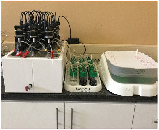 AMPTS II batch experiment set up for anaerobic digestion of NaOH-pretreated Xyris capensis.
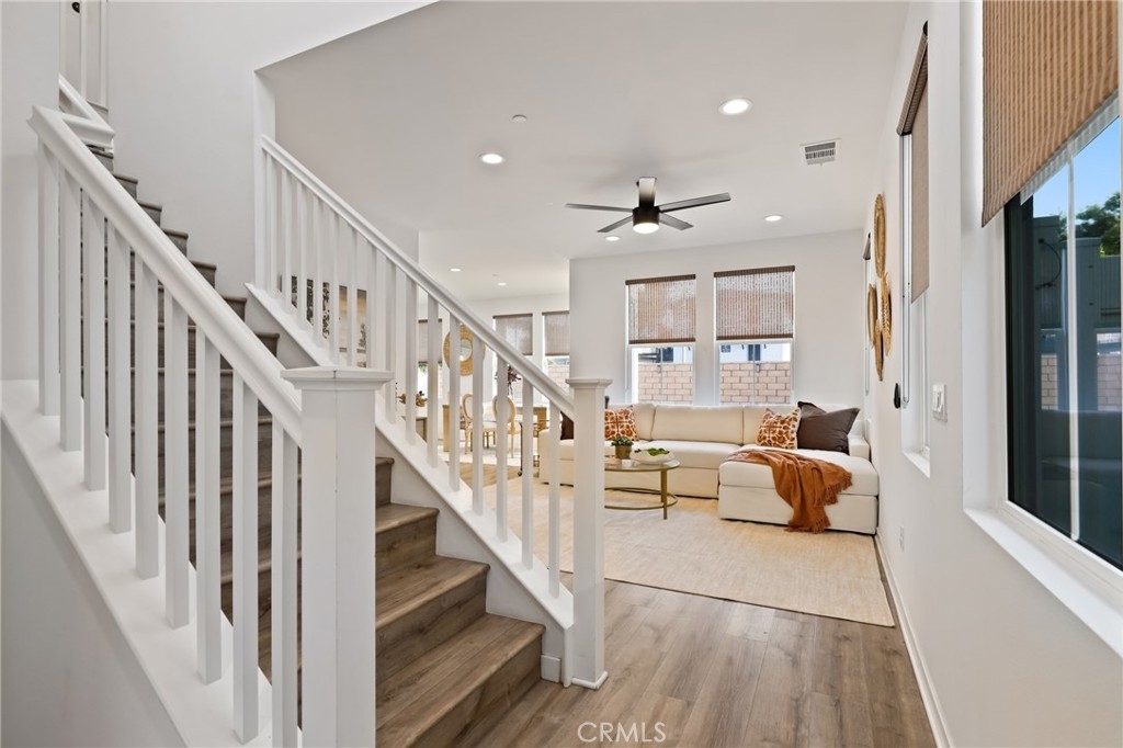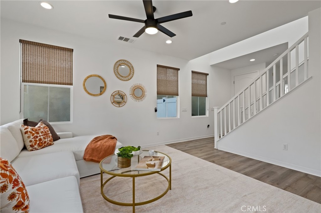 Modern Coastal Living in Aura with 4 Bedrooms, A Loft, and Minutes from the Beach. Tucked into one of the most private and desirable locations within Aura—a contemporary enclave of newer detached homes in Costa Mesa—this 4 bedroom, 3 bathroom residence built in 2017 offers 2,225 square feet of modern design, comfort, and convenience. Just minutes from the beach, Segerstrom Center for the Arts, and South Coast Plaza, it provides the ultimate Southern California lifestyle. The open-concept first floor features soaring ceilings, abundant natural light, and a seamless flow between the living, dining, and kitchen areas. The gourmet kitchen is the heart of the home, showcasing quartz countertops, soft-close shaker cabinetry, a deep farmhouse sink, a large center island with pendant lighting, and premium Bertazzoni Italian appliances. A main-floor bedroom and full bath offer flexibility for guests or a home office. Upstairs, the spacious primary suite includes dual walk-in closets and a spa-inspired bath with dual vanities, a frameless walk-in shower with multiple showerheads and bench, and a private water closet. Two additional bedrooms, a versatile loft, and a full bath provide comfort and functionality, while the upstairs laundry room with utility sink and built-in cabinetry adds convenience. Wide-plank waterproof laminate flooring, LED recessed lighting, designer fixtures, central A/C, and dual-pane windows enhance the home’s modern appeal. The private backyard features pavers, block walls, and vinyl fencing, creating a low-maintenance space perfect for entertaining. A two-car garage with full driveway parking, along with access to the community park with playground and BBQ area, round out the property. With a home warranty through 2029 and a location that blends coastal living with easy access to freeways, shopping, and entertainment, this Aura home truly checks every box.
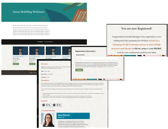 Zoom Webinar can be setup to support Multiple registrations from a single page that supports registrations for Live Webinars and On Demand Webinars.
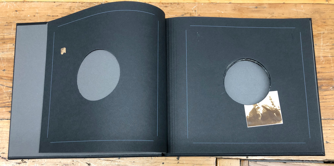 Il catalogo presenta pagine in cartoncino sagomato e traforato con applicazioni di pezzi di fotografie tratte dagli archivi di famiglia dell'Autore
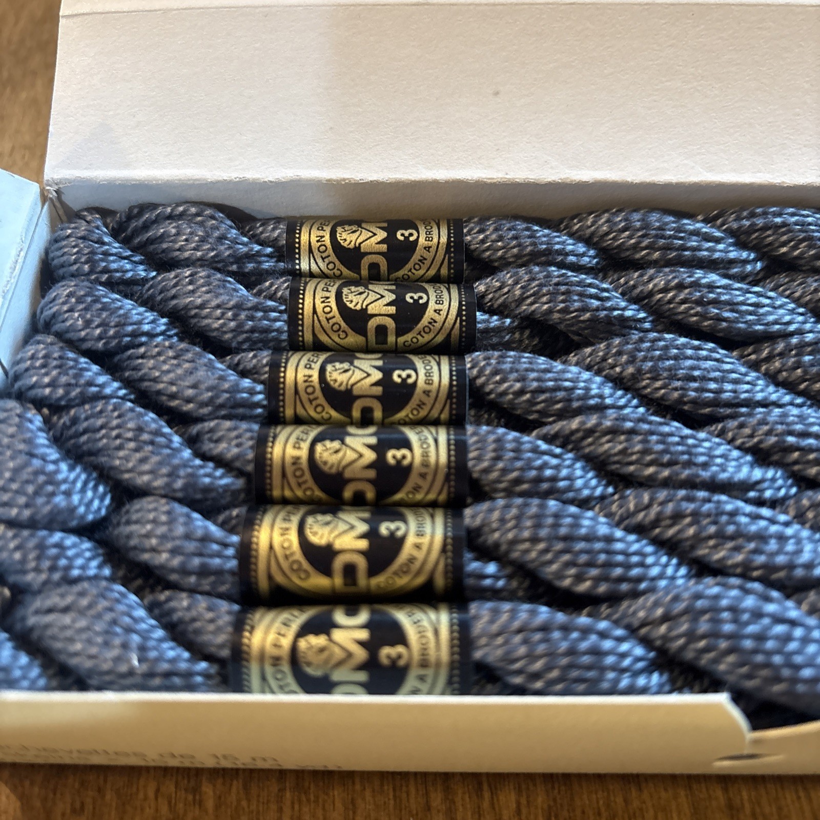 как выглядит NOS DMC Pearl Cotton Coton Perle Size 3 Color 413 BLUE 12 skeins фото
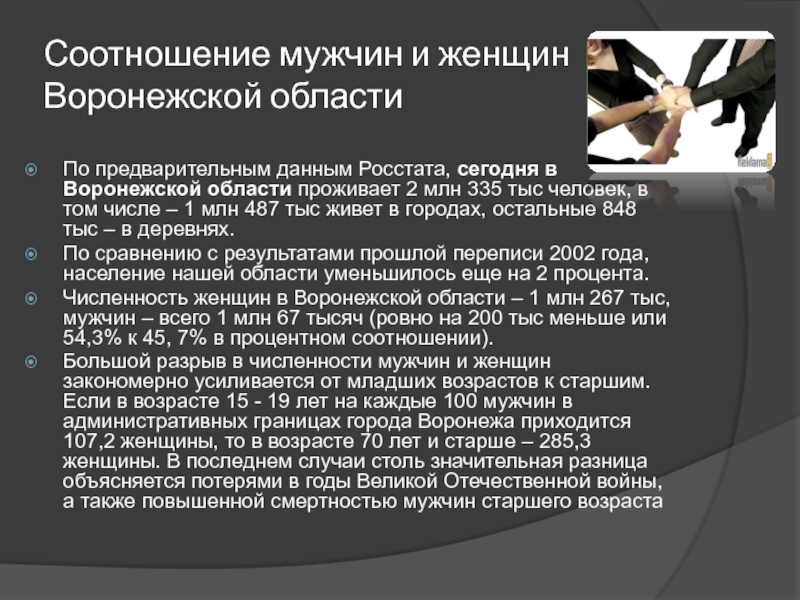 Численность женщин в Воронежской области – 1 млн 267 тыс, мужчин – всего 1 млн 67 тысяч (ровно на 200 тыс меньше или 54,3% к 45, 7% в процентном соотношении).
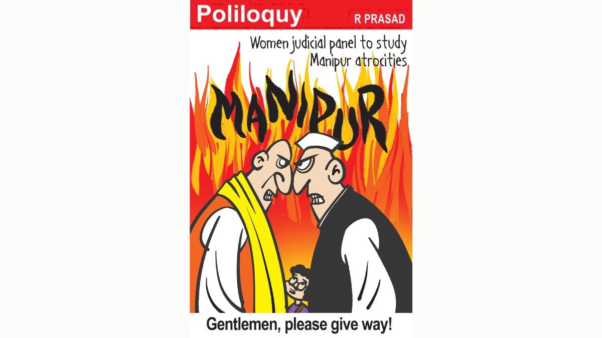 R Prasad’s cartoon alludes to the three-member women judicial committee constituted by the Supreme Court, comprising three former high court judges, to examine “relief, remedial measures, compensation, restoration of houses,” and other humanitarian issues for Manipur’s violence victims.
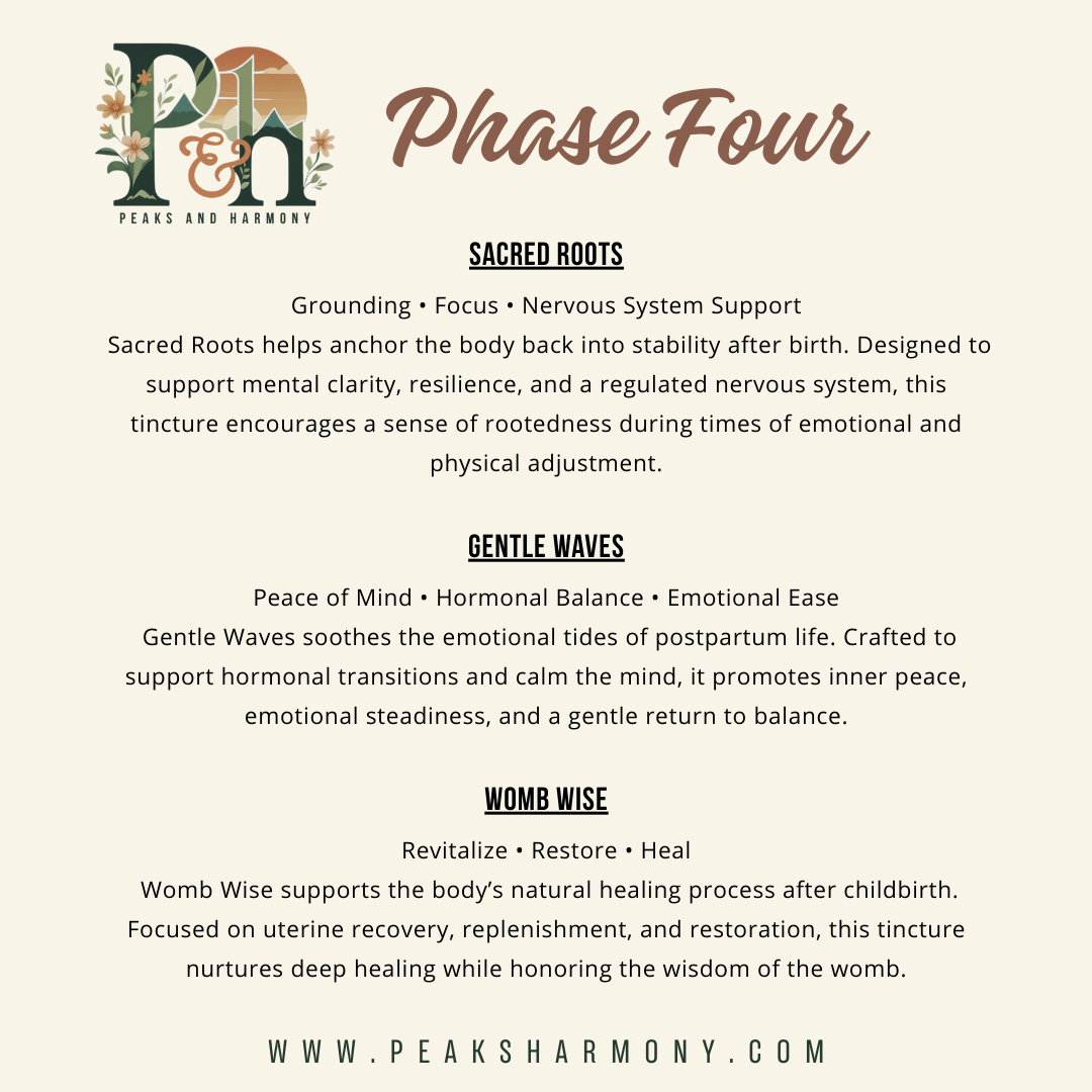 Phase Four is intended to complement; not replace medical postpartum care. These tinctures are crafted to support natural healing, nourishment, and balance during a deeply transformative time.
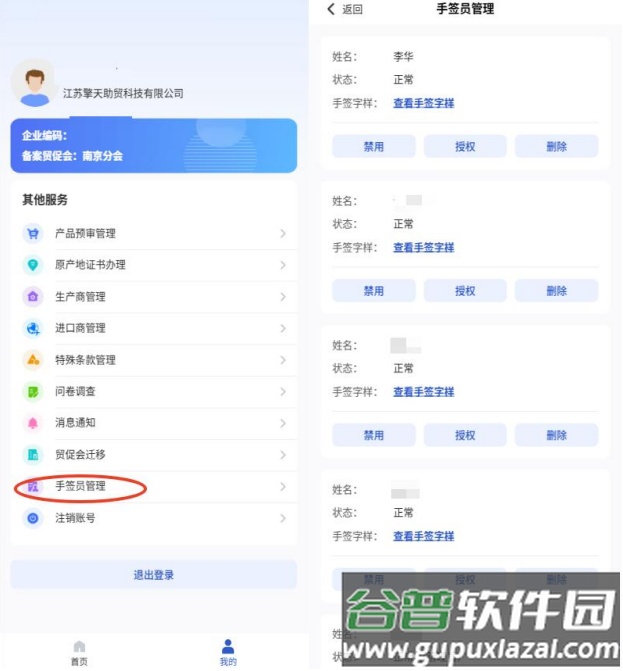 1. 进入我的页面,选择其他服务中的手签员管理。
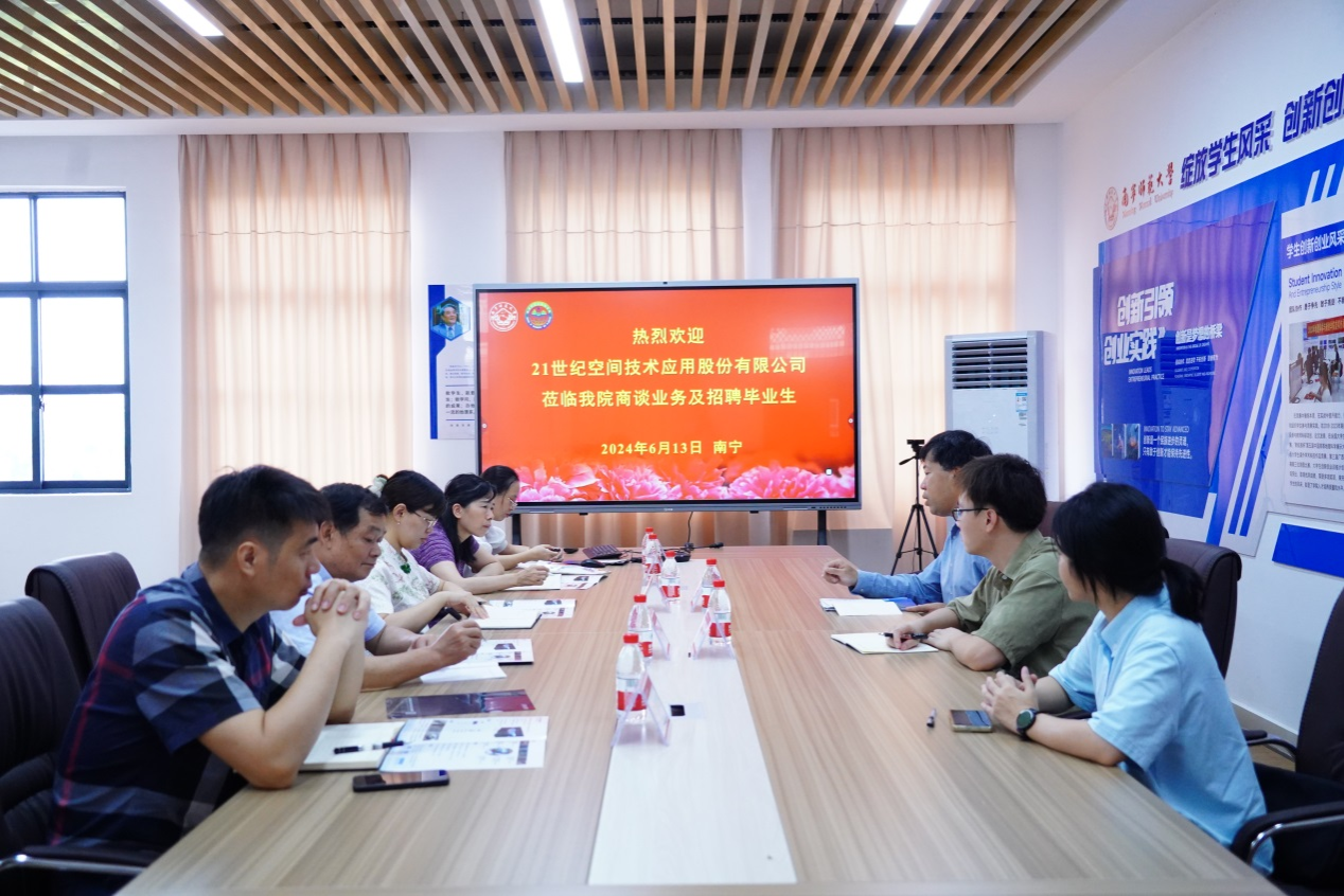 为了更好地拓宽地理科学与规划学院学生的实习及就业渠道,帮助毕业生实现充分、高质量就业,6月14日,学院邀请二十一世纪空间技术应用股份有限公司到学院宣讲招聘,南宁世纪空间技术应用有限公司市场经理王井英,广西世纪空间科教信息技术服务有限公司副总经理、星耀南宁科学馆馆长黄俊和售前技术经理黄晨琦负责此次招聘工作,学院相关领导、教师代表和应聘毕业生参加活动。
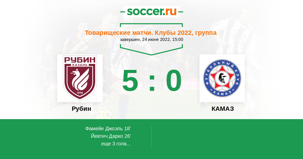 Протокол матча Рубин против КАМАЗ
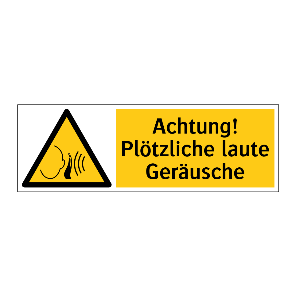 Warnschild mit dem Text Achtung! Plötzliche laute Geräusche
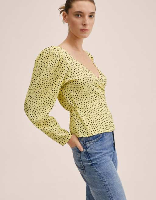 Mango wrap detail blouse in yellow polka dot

:: ACTIVITY ::
In the reply, each line of the data must appear exactly as written, and no picture may appear.

:: SOLUTION FOR THIS TASK ::
 AMPTS II batch experiment set up for anaerobic digestion of NaOH-pretreated Xyris capensis.
 Modern Coastal Living in Aura with 4 Bedrooms, A Loft, and Minutes from the Beach. Tucked into one of the most private and desirable locations within Aura—a contemporary enclave of newer detached homes in Costa Mesa—this 4 bedroom, 3 bathroom residence built in 2017 offers 2,225 square feet of modern design, comfort, and convenience. Just minutes from the beach, Segerstrom Center for the Arts, and South Coast Plaza, it provides the ultimate Southern California lifestyle. The open-concept first floor features soaring ceilings, abundant natural light, and a seamless flow between the living, dining, and kitchen areas. The gourmet kitchen is the heart of the home, showcasing quartz countertops, soft-close shaker cabinetry, a deep farmhouse sink, a large center island with pendant lighting, and premium Bertazzoni Italian appliances. A main-floor bedroom and full bath offer flexibility for guests or a home office. Upstairs, the spacious primary suite includes dual walk-in closets and a spa-inspired bath with dual vanities, a frameless walk-in shower with multiple showerheads and bench, and a private water closet. Two additional bedrooms, a versatile loft, and a full bath provide comfort and functionality, while the upstairs laundry room with utility sink and built-in cabinetry adds convenience. Wide-plank waterproof laminate flooring, LED recessed lighting, designer fixtures, central A/C, and dual-pane windows enhance the home’s modern appeal. The private backyard features pavers, block walls, and vinyl fencing, creating a low-maintenance space perfect for entertaining. A two-car garage with full driveway parking, along with access to the community park with playground and BBQ area, round out the property. With a home warranty through 2029 and a location that blends coastal living with easy access to freeways, shopping, and entertainment, this Aura home truly checks every box.
 Zoom Webinar can be setup to support Multiple registrations from a single page that supports registrations for Live Webinars and On Demand Webinars.
 Il catalogo presenta pagine in cartoncino sagomato e traforato con applicazioni di pezzi di fotografie tratte dagli archivi di famiglia dell'Autore
 как выглядит NOS DMC Pearl Cotton Coton Perle Size 3 Color 413 BLUE 12 skeins фото
 Численность женщин в Воронежской области – 1 млн 267 тыс, мужчин – всего 1 млн 67 тысяч (ровно на 200 тыс меньше или 54,3% к 45, 7% в процентном соотношении).
 R Prasad’s cartoon alludes to the three-member women judicial committee constituted by the Supreme Court, comprising three former high court judges, to examine “relief, remedial measures, compensation, restoration of houses,” and other humanitarian issues for Manipur’s violence victims.
 Phase Four is intended to complement; not replace medical postpartum care. These tinctures are crafted to support natural healing, nourishment, and balance during a deeply transformative time.
 1. 进入我的页面,选择其他服务中的手签员管理。
 为了更好地拓宽地理科学与规划学院学生的实习及就业渠道,帮助毕业生实现充分、高质量就业,6月14日,学院邀请二十一世纪空间技术应用股份有限公司到学院宣讲招聘,南宁世纪空间技术应用有限公司市场经理王井英,广西世纪空间科教信息技术服务有限公司副总经理、星耀南宁科学馆馆长黄俊和售前技术经理黄晨琦负责此次招聘工作,学院相关领导、教师代表和应聘毕业生参加活动。
 Протокол матча Рубин против КАМАЗ
 Warnschild mit dem Text Achtung! Plötzliche laute Geräusche
 Mango wrap detail blouse in yellow polka dot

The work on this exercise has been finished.